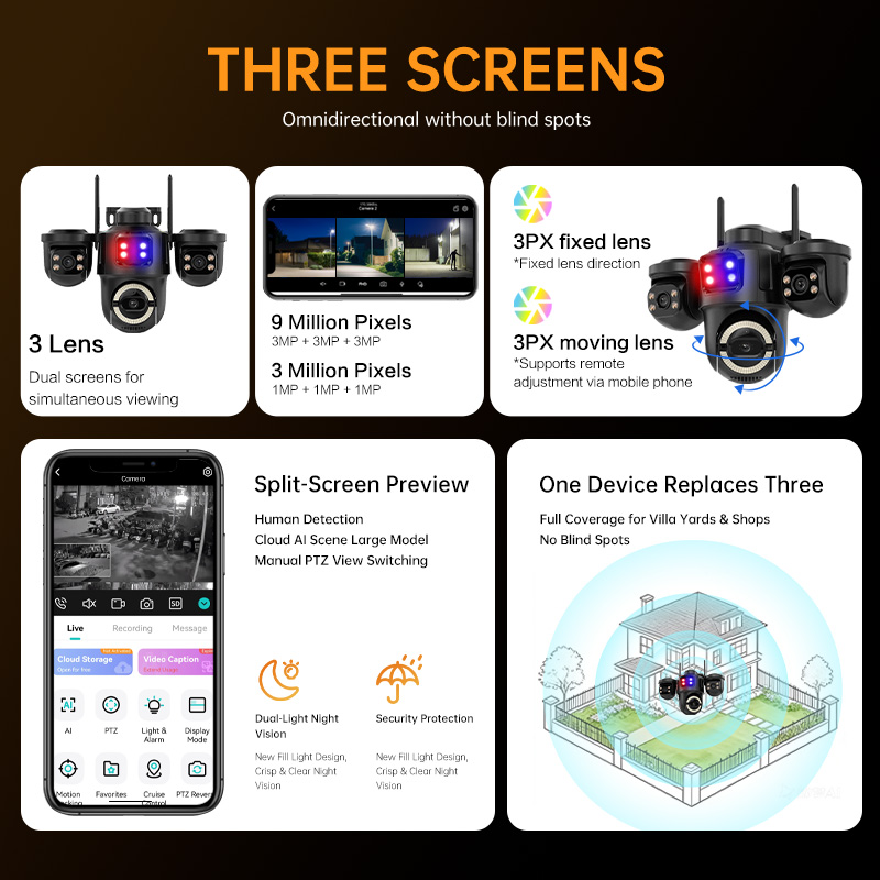 1. Three-Screen Monitoring: Dual and split-screen preview for simultaneous viewing of different areas.
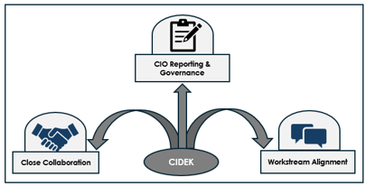 CIDEK doubles as the advisor to NewCo IT leadership, or assumes IT leadership role providing pragmatic advises to CXOs in absence of NewCo's IT leadership.
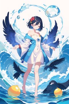 1girl,backless outfit,bare shoulders,bird,black hair,blue dress,blue hair,bracelet,bubble,closed eyes,cloud,collarbone,dress,earrings,flower,hair between eyes,hand on own chest,holding,jewelry,liquid clothes,long hair,looking at viewer,solo,strapless dress,tail,very long hair,water,water drop,waves,white background,white dress,wide sleeves,<lora:Muse_DashV4-000390:0.7>,
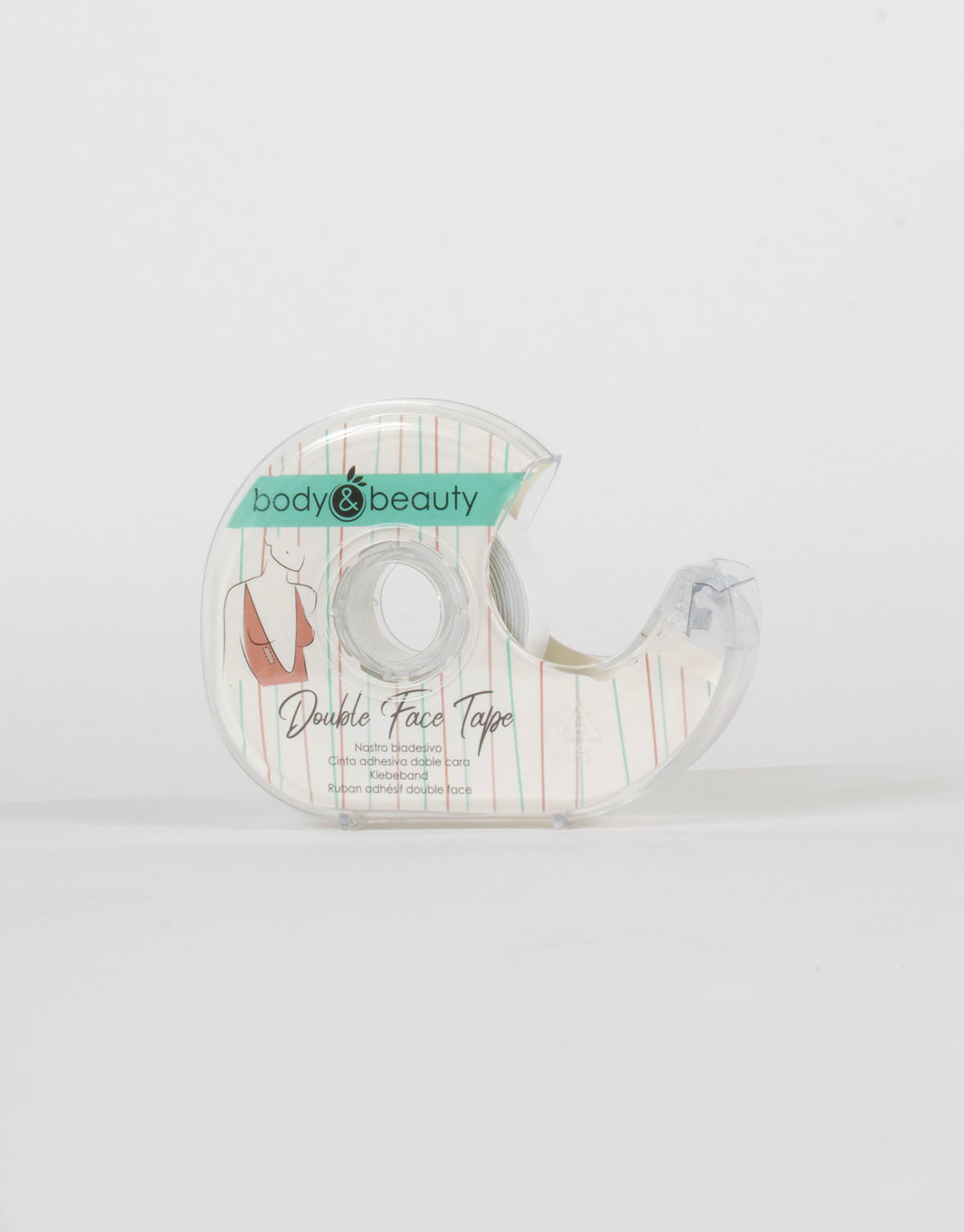 Innovative multiuse double-sided tape in a dispenser, for an easy application on skin and garments. Made of soft fabric, delicate but long-lasting.
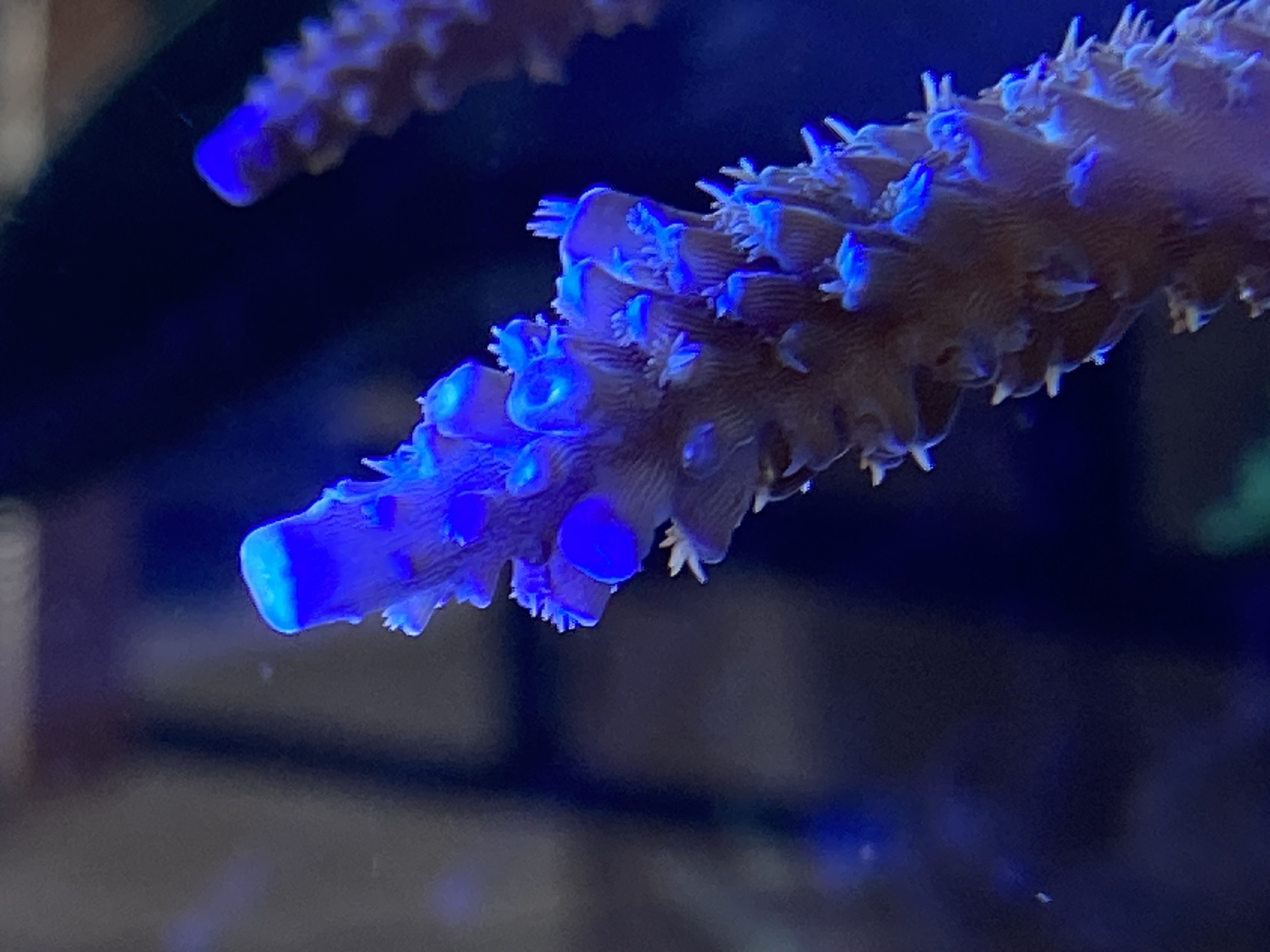 Heute war der dritte Tag mit der doppelten #1 Nano-Basic…das Wasser wurde heute etwas trüber, eventuell durch Bakterioplankton, und die Polypen waren mehr eingezogen, die grüne Hornkoralle auf der Rückwand ging widerwillig auf…
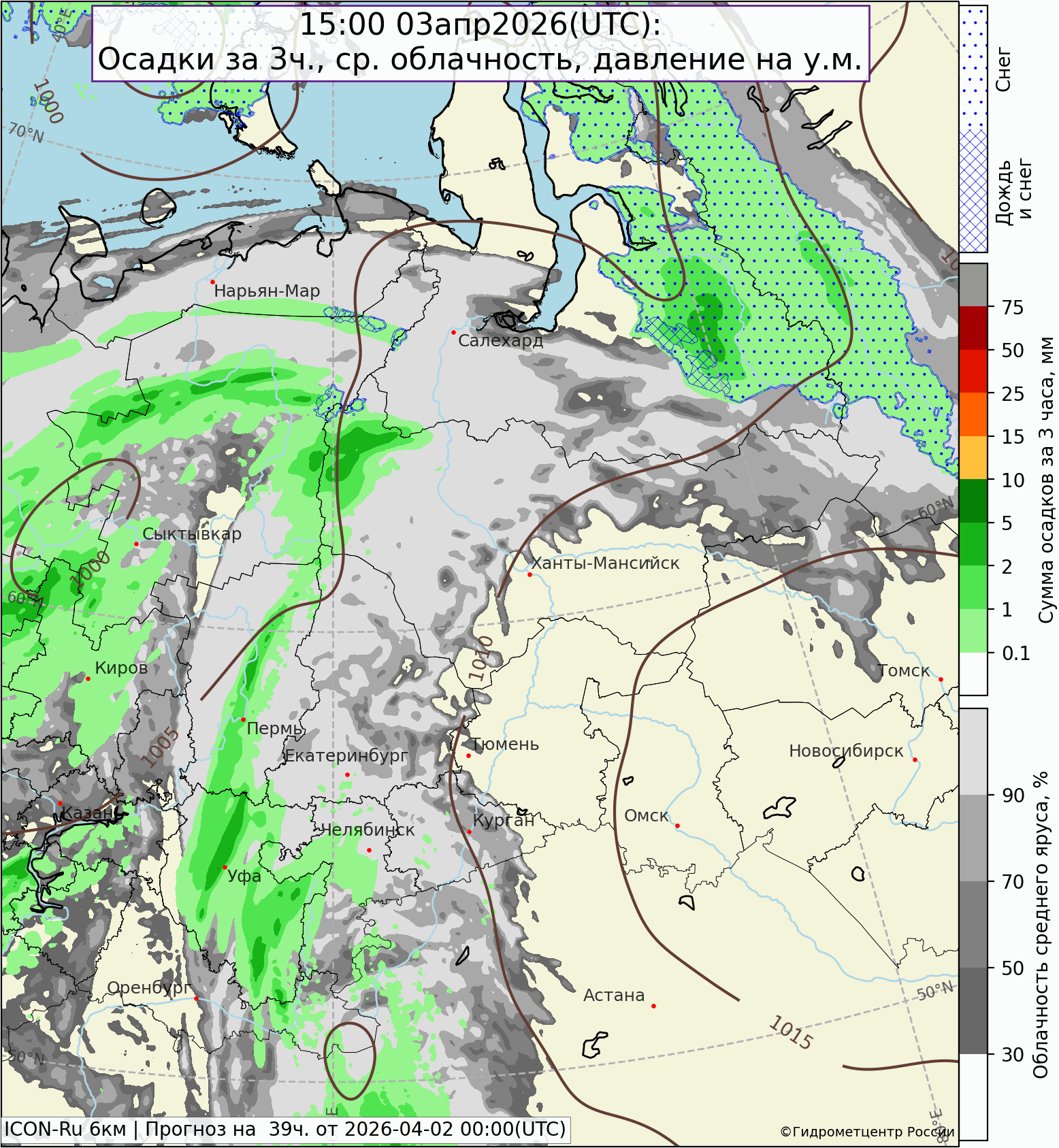 Прогноз облачности, осадков, температуры днем 3 апреля
-- -- --
Exercise directions => What you give back must match the material word for word, with no images included.

Answer for the task =>
 1. Three-Screen Monitoring: Dual and split-screen preview for simultaneous viewing of different areas.
 CIDEK doubles as the advisor to NewCo IT leadership, or assumes IT leadership role providing pragmatic advises to CXOs in absence of NewCo's IT leadership.
 1girl,backless outfit,bare shoulders,bird,black hair,blue dress,blue hair,bracelet,bubble,closed eyes,cloud,collarbone,dress,earrings,flower,hair between eyes,hand on own chest,holding,jewelry,liquid clothes,long hair,looking at viewer,solo,strapless dress,tail,very long hair,water,water drop,waves,white background,white dress,wide sleeves,<lora:Muse_DashV4-000390:0.7>,
 Innovative multiuse double-sided tape in a dispenser, for an easy application on skin and garments. Made of soft fabric, delicate but long-lasting.
 Heute war der dritte Tag mit der doppelten #1 Nano-Basic…das Wasser wurde heute etwas trüber, eventuell durch Bakterioplankton, und die Polypen waren mehr eingezogen, die grüne Hornkoralle auf der Rückwand ging widerwillig auf…
 Прогноз облачности, осадков, температуры днем 3 апреля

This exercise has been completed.